= John de Monchaux =

City planner and academic (1936–2018)

Jean Pierre de Monchaux (August 29, 1936 – April 30, 2018), known as John de Monchaux, was an Australian-American architect, city planner, and educator.

== Life and career ==
Born in Dublin, Ireland, to Australian parents, de Monchaux attended Gimnasio Moderno in Bogotá and Stuyvesant High School in New York City before studying architecture at St. John's College, University of Sydney.

After practicing in Sydney as an architect, de Monchaux obtained his Master's in Urban Design at the Harvard GSD in 1961. Beginning in 1963, de Monchaux taught at the Bartlett School of Architecture in London and worked for the Professor of Urban Design there, Richard Llewellyn Davies.

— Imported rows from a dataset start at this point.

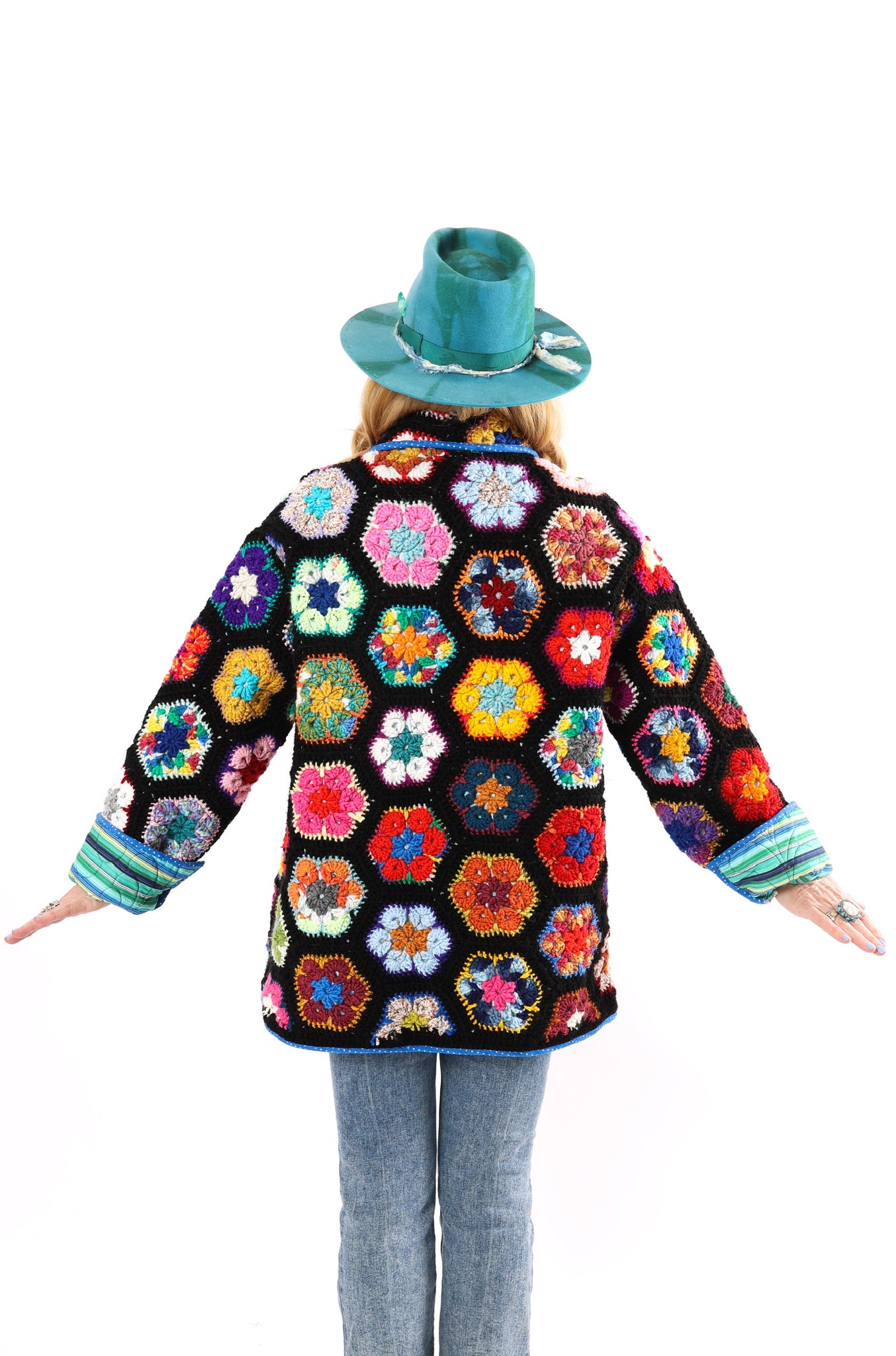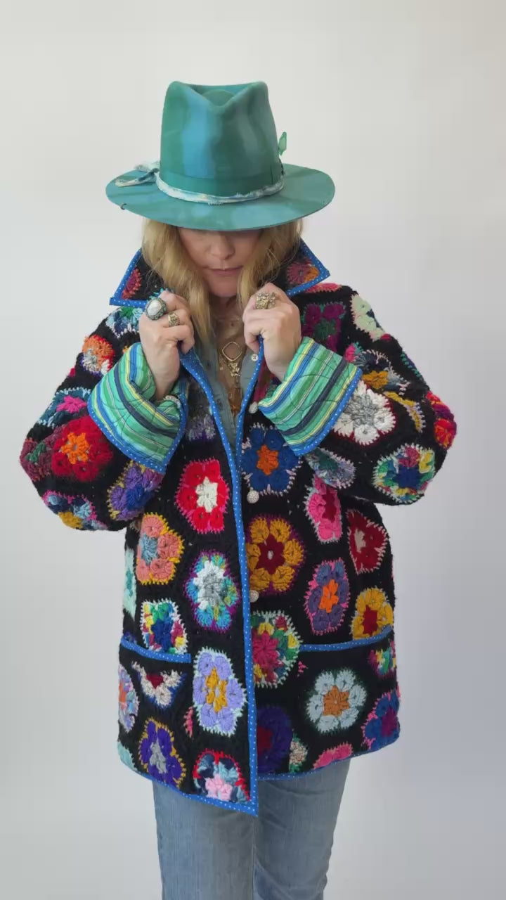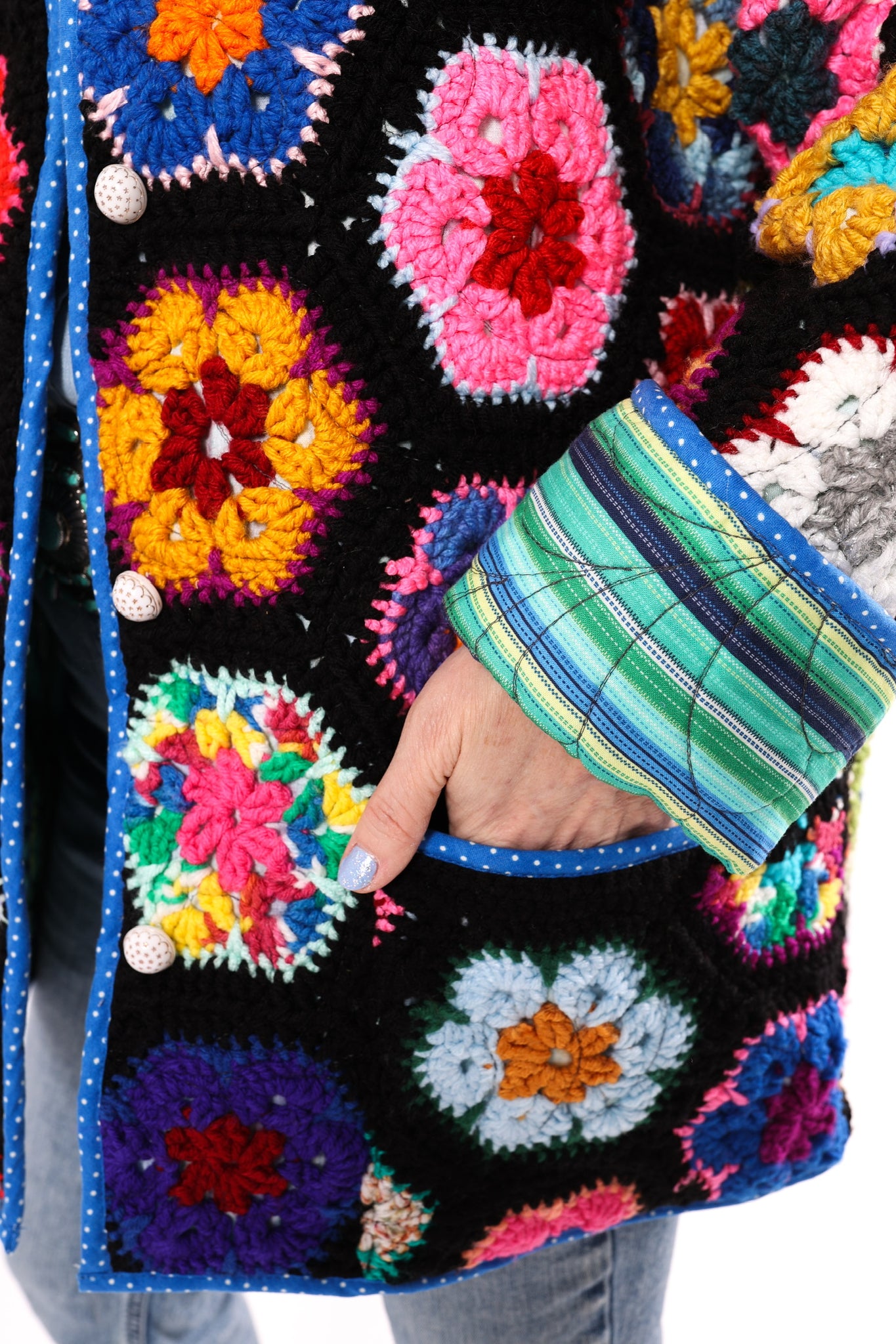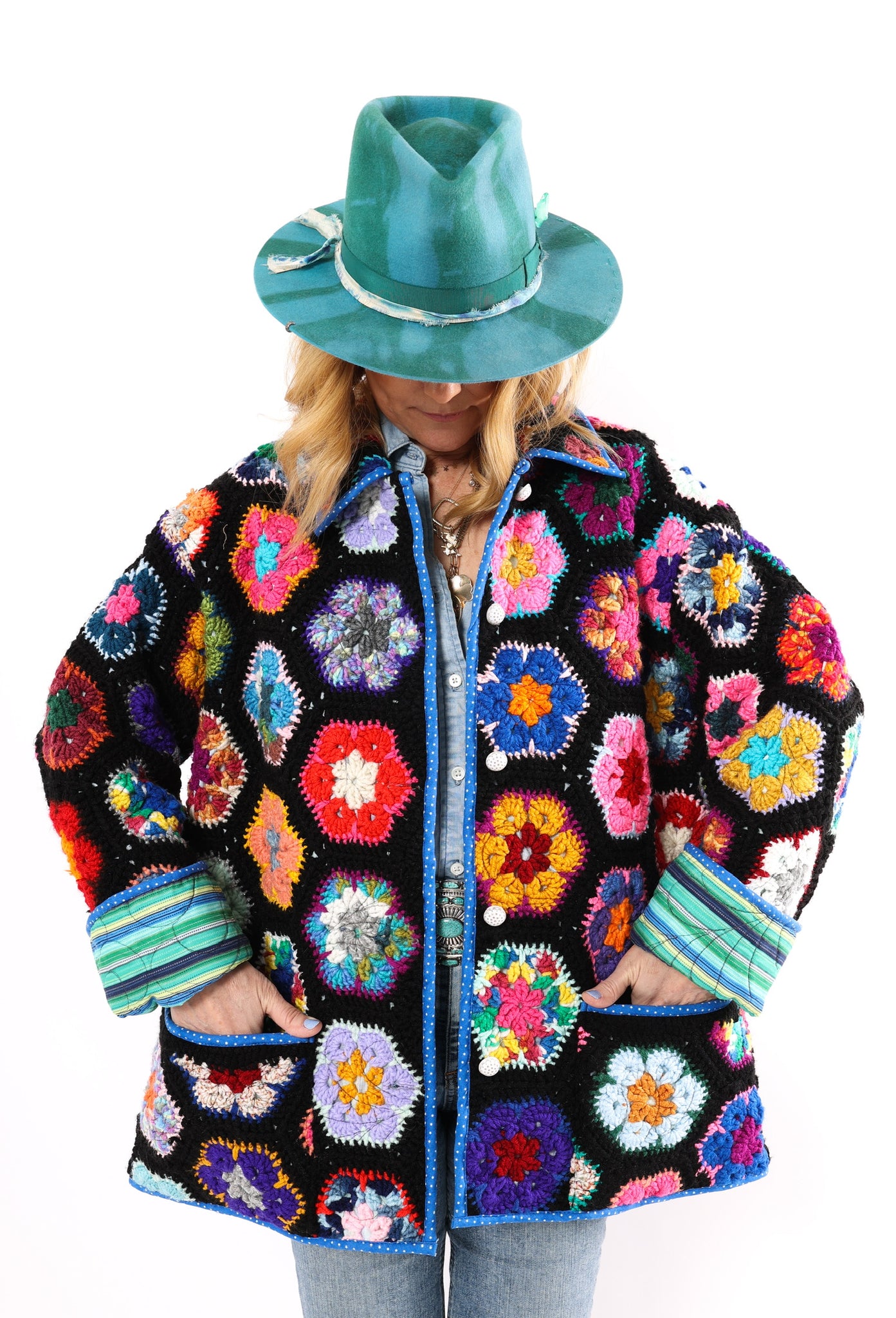 ONE OF ONE, WEARABLE ART! Lady Lancaster explored new territory combining a hand crochet blanket with novelty fabric. Our friend Zoe Dawn carefully longarmed this piece together! We believe the blanket was made circa 1960s to 1970s. The backing fabric is a cheerful green striped fabric, which adds a fun pop when the sleeves are rolled. This piece is definitely on the thicker and heavier side, so please be aware if you live in a warm climate! Due to the nature of the open weave, there could be the potential for snags. We added antique white and gold glass buttons as closures. Please note: The button holes have been altered and intentionally made them tighter in the anticipation of future stretching. This is a size LARGE, please read size measurements below. This piece fits a range of sizes depending on how you like to style your jackets. Please note, there is a minor small age spot on the inside of the jacket. If you have any questions please direct message us and we are happy to bore you with many more details.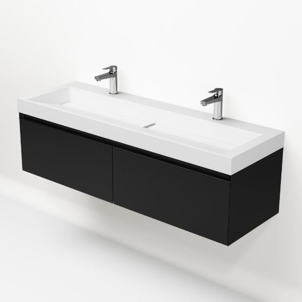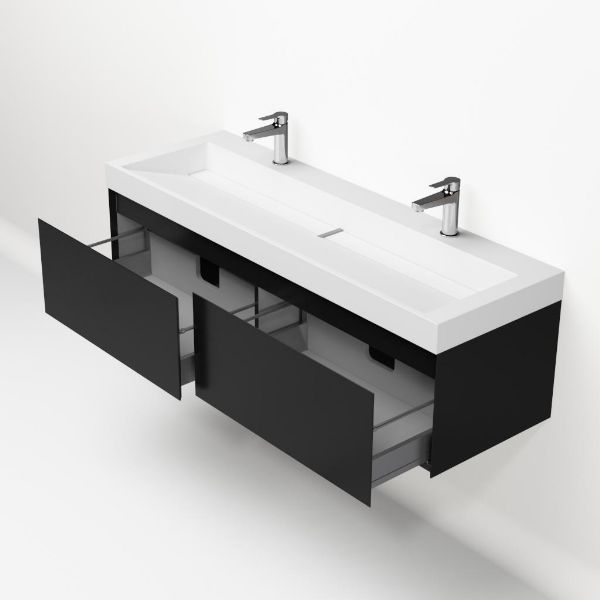 Greeploos badkamermeubel in de kleur zwart mat is 140 cm breed. De wastafel is vervaardig in polystone en heeft de kleur wit. Dit badkamermeubel met deze wastafel is leverbaar tussen de 60 cm t/m 160 cm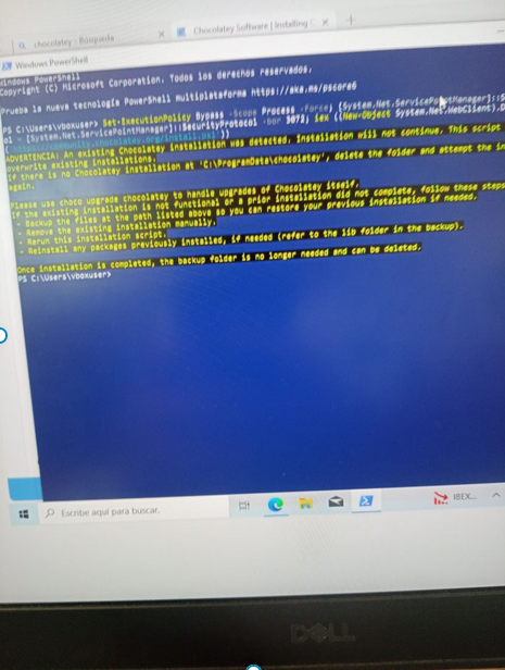 Per instalar Chocolatey a les MV windows tindrem que posar aquests comandos a powershell amb permisos d’administrador: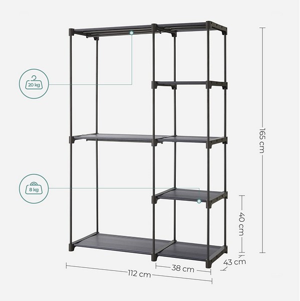 Stabilt åbent klædeskab med tøjstænger. Denne åben garderobe er understøttet af 4 forstærkede metalrør (diameter 16 mm). Med solide plastikforbindelser kan hver stofhylde i garderobeskabet holde op til 8 kg. Hver bøjlestang i garderobeskabet kan holde op til 20 kg. Et stabilt garderobeskab med tøjstativ til dit tøj.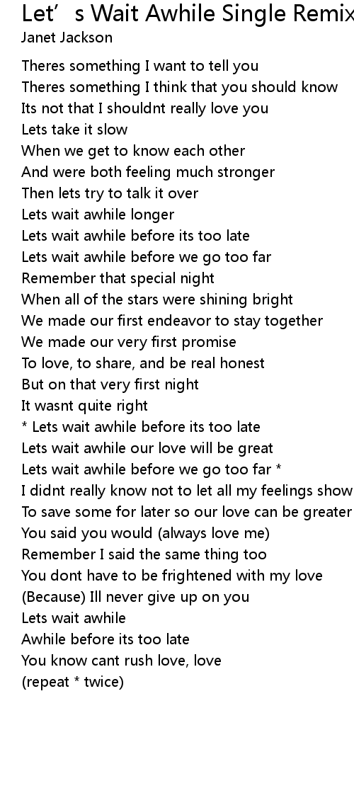 Lets wait awhile |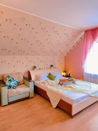 На выбор гостям предлагаются комнаты нескольких категорий. Каждая из них имеет удобную мебель, собственный санузел и балкон. Интерьер выполнен в светлых пастельных оттенках, располагающих к отдыху.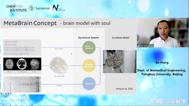 论坛中,清华大学生物医学工程系洪波教授分享了“元脑(Meta Brain)”的新兴概念和他的团队在这个领域上所做的相关工作。“你也许很难想象无数美丽的数学公式能够解释人类大脑的运作机理。”在会中,据洪波教授介绍,元脑的构想是利用脑机接口技术建立大脑的动态数字模型,来帮助提升理解大脑的功能运作,重现生理、病理过程,最终达到应用目的。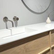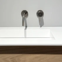 CORIAN är ett originalmaterial av högsta kvalitet med hållbarhet, estetik och lätt formbarhet. Corian uppfyller höga hygienkrav som krävs i badrummet: icke-absorberande, lätt att rengöra fläckar och enkel daglig underhåll.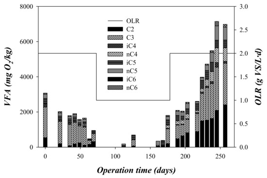 Variation of the VFA and the organic loading rate (OLR) with the operation time.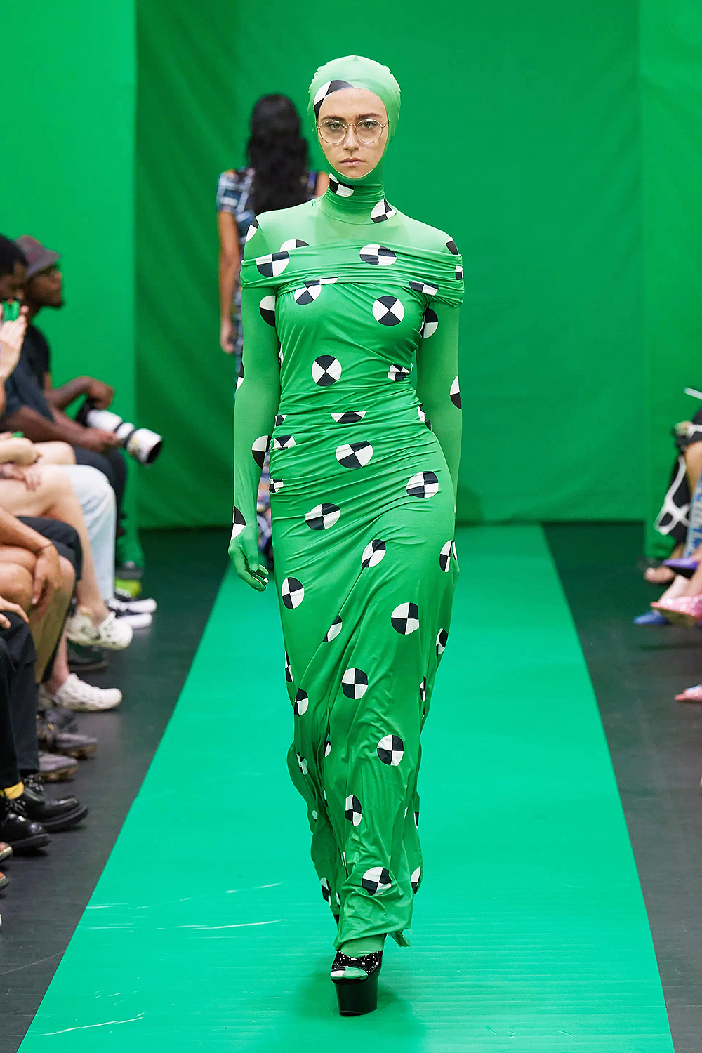 Ella Emhoff walks the NYFW Maisie Wilen Fashion Show. She wore a green gown with black and white patterns.
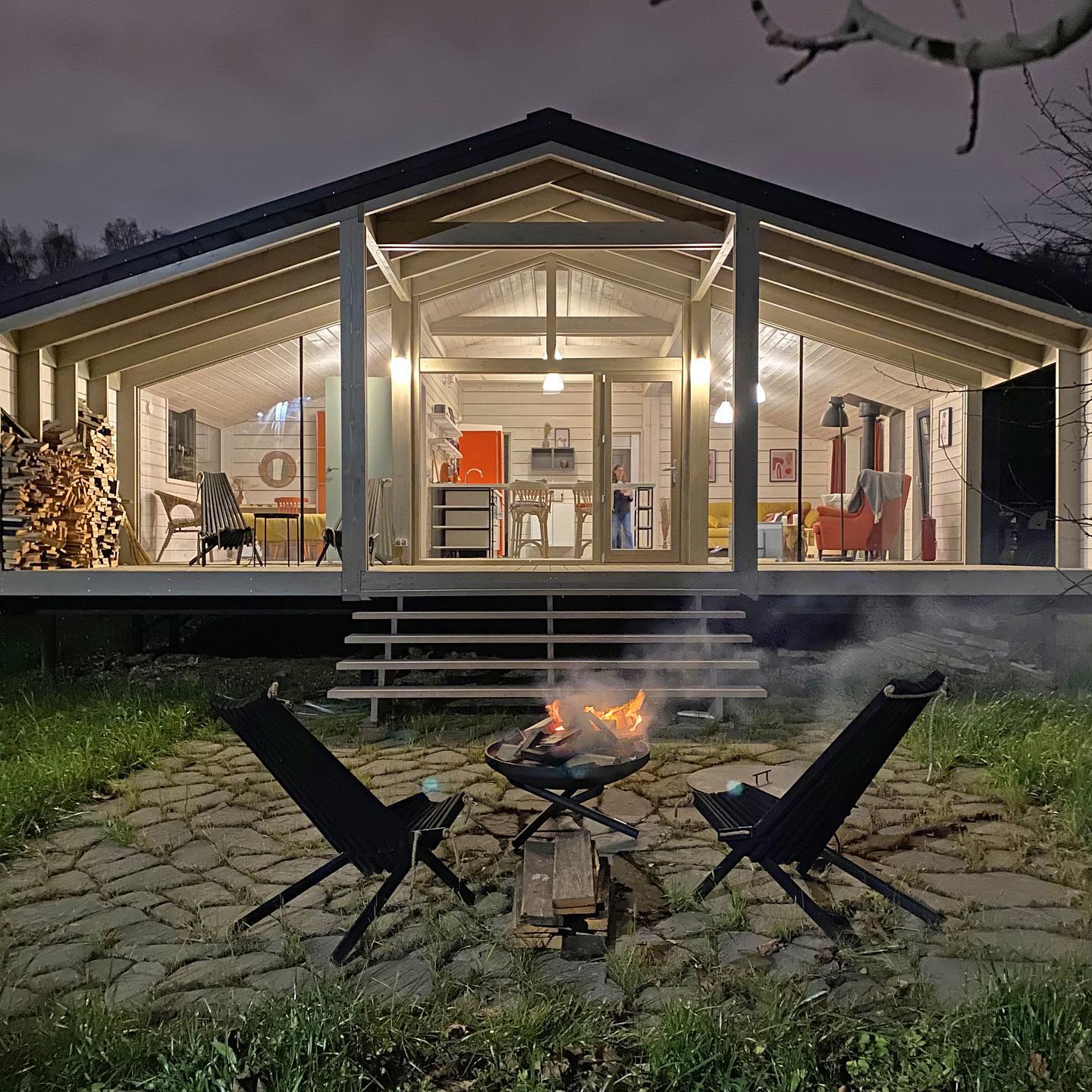 „Lákala nás dřevostavba s moderním designem a velkými prosklenými okny. Ke spolupráci jsme proto přizvali společnost DublDom, jejich nabídka modulových domů byla pro nás jasná volba. Spolupráce s nimi probíhala perfektně a do teď si je můžeme jenom vynachválit. První rodinný dům o celkové velikosti 75 m2 včetně terasy byl postavený za 6 měsíců a složený na pozemku během 4 dnů. Neuvěřitelné,“ pochvaluje si Vlaďka spolupráci. „Stojí na pilotech o výšce až 1,7m nad zemí, ale je plně zateplený včetně krbových kamen a slouží k celoročnímu ubytování. Pojmenovali jsme ho Buddha Home a sami v něm vyzkoušeli bydlet půl roku přes zimní měsíce, abychom vychytali případné mouchy a mohli u toho dokončit další část pozemku.“ Veškeré zemní práce včetně přípojek a terénních úprav si majitelé stavěli svépomocí. „Já jsme tou dobou byla v 6 měsíci těhotenství a měla na starosti veškerou komunikaci s dodavateli a fungovala jako hlavní dovozce materiálu na pozemek. Manžel Ash který pochází z Himalájí odložil obor softwarového inženýrství na háček, nasadil rukavice a dva roky je nesundal. Design interiérů jsem projektovala já a Ash následně vše skládal dohromady. Veškeré dekorace včetně houpacích sítí jsou dovezené ze společných cest po světě, a to především z Bali, Kolumbie, Kostariky a Indie.“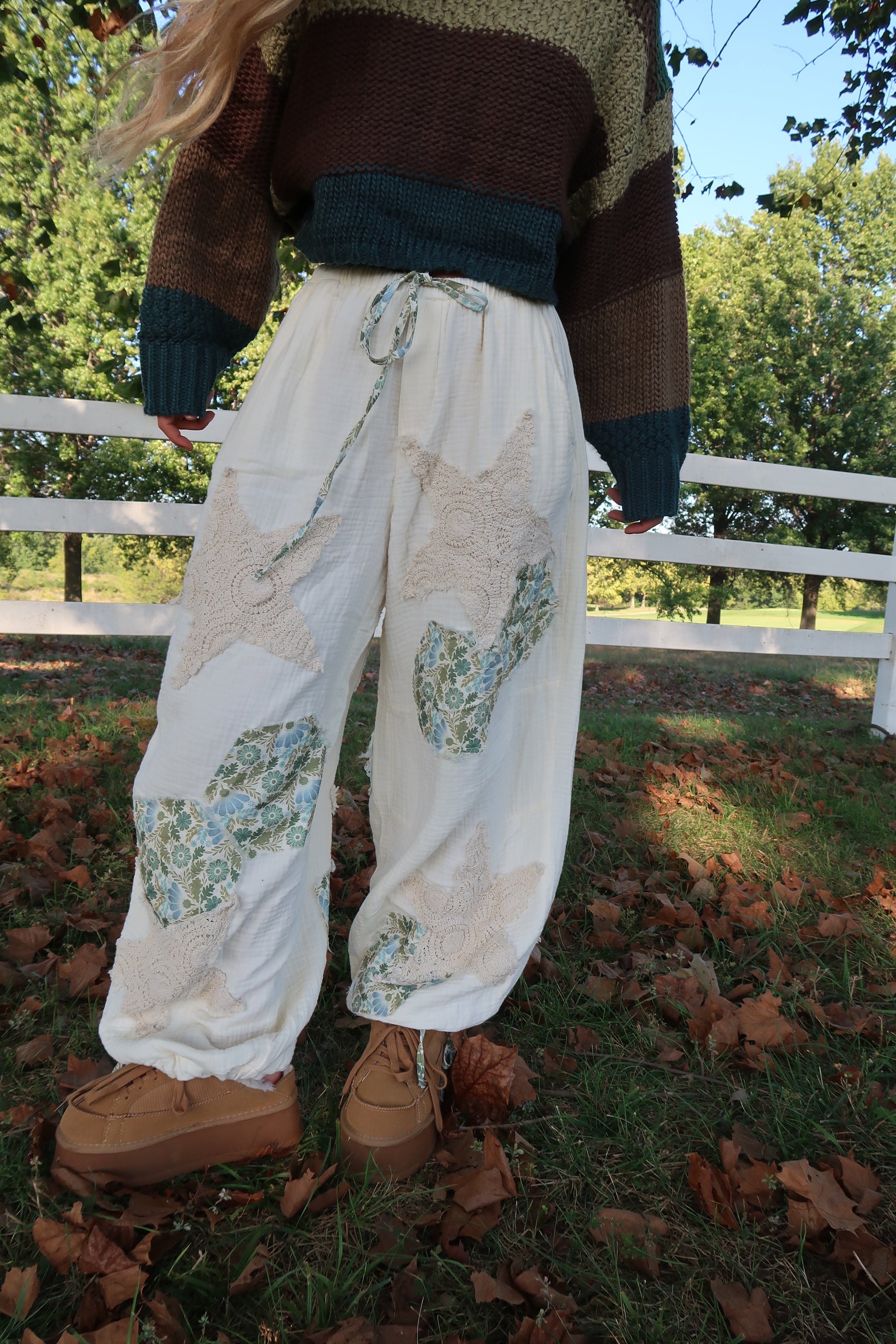 Get ready to elevate your jogger game with our Boho Breeze Patchwork Jogger! Made from cream cotton gauze, these joggers feature beautiful green and teal floral patchwork with crochet details. You'll love the adjustable tie waist and tie ankle details - perfect for a unique and stylish look.

With Llewellyn Davies and Walter Bor as partners-in-charge at Llewellyn Davies Weeks Forestier-Walker and Bor, de Monchaux was the head of the design team for the Plan for Milton Keynes, Buckinghamshire, published in 1970.

De Monchaux moved with his wife, sociologist and member of the Milton Keynes team, Suzanne Beauchamp de Monchaux, to New York in 1970 to found the American office of Llewellyn Davies, undertaking work in Watts, Detroit, and Chicago. In 1972, he was part of the Harvard GSD's second class of Loeb Fellows. de Monchaux returned to his native Australia in 1974 to found what would become one of Llewellyn-Davies' successor firms, Kinhill, undertaking work in Southeast Asia and Australia.

In 1981 he moved back to the United States to become Professor and Dean of the School of Architecture and Planning at MIT. His accomplishments as Dean included the founding of the Media Lab in 1985, whose name he helped devise, and the construction of the Rotch Library from 1988 to 1991. In 1992, he stepped down as Dean and served as General Manager of the Aga Khan Trust for Culture, returning to MIT as a Professor from 1996 until his retirement in 2009.

De Monchaux is the brother of sculptor Paul de Monchaux, the uncle of sculptor Cathy de Monchaux, and the father of designer and author Nicholas de Monchaux and critic Thomas de Monchaux.